### EXERCISE BRIEF
Repeat the data exactly as given below, dropping every picture.

### DATA SEGMENT
________
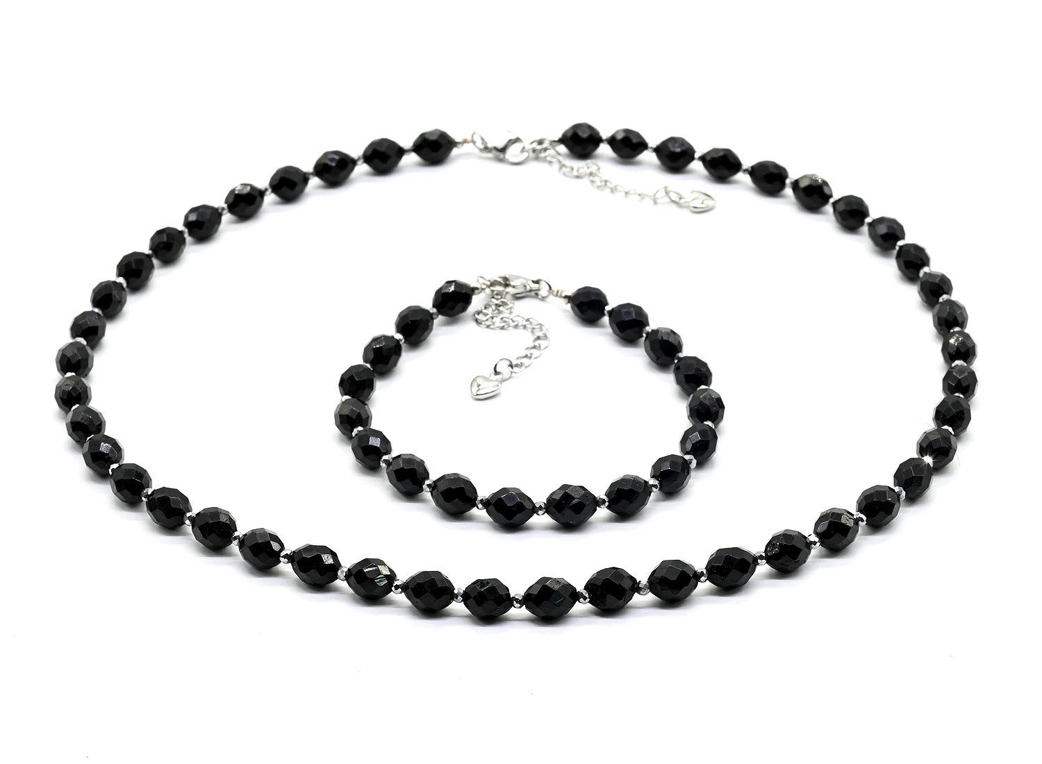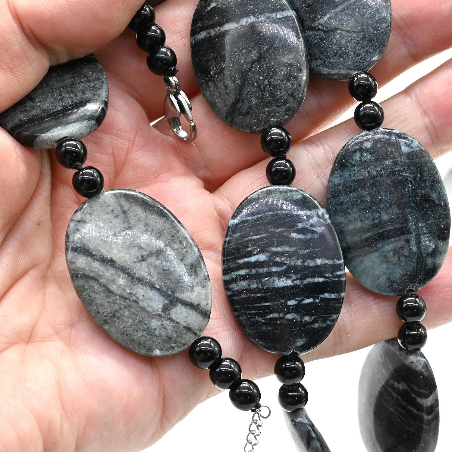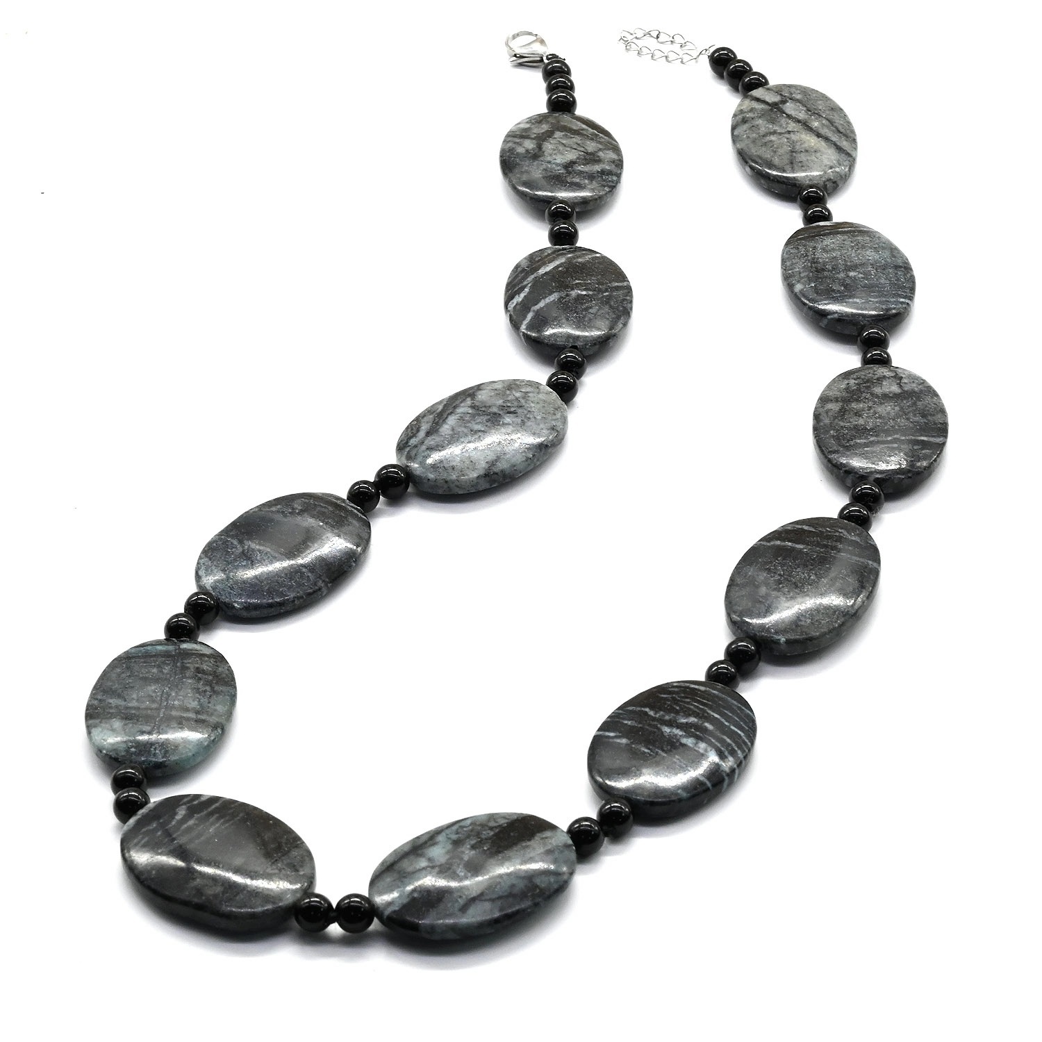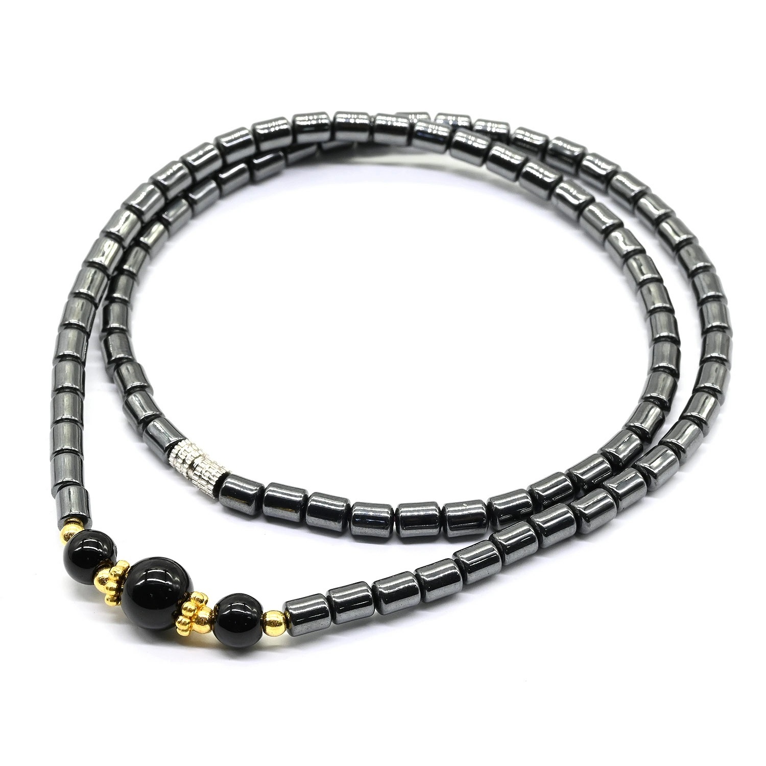 Бусы из гематита с агатом черным, 45см
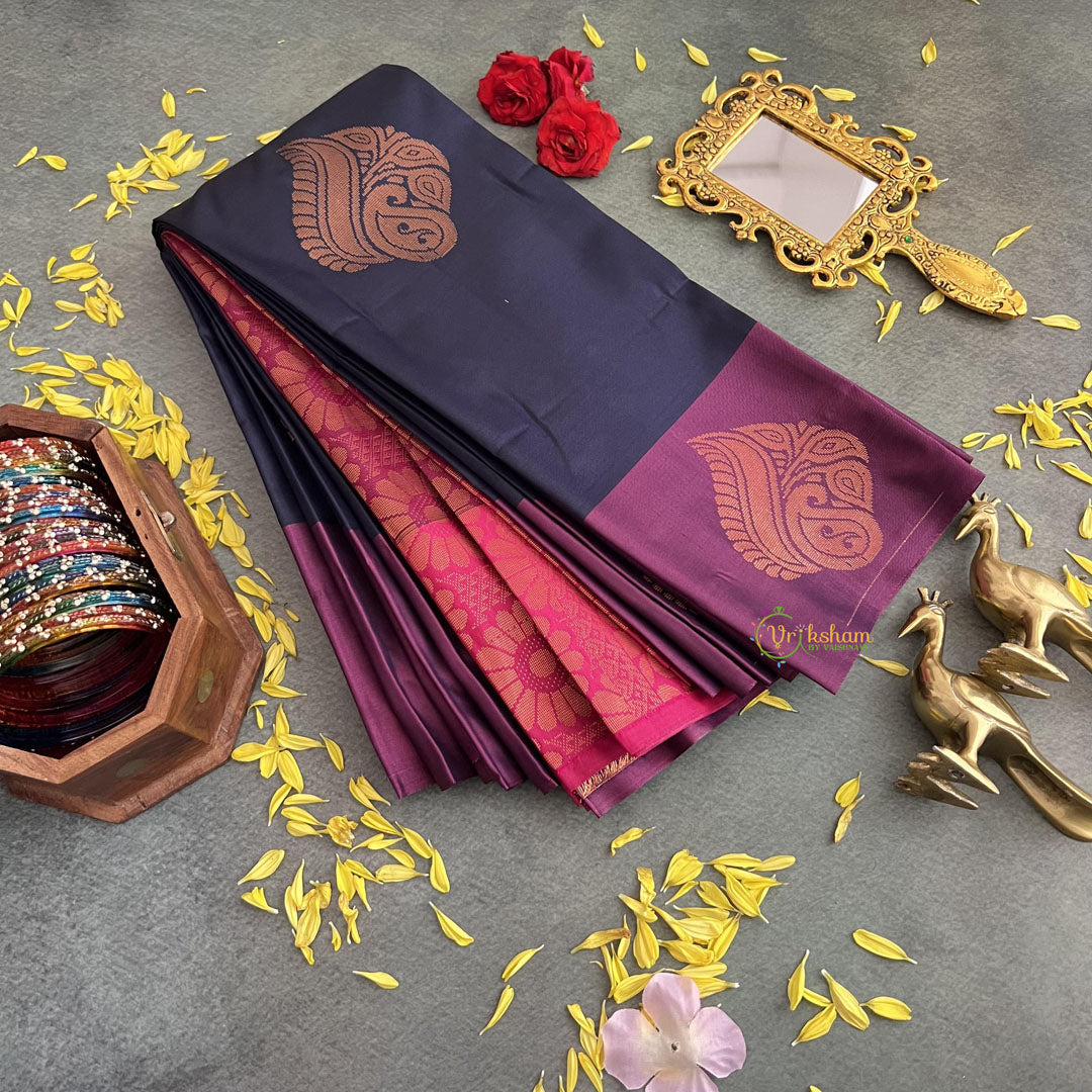 Experience the indulgence of our Navy Blue Color Semi Soft Silk Saree. Adorned with a self-design border in rich wine color, this saree exudes elegance and sophistication. The intricate butta work adds a touch of luxury to your look. Elevate your style with this exclusive piece.
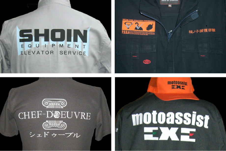 ツナギに熱圧着プリントしますので下地の影響をほとんど受けず、濃色のつなぎ服にも鮮やかな発色です。また、つなぎ服の色々な所にプリント出来ます。
________
### YOUR SOLUTION
 Бусы из гематита с агатом черным, 45см
 Experience the indulgence of our Navy Blue Color Semi Soft Silk Saree. Adorned with a self-design border in rich wine color, this saree exudes elegance and sophistication. The intricate butta work adds a touch of luxury to your look. Elevate your style with this exclusive piece.
 ツナギに熱圧着プリントしますので下地の影響をほとんど受けず、濃色のつなぎ服にも鮮やかな発色です。また、つなぎ服の色々な所にプリント出来ます。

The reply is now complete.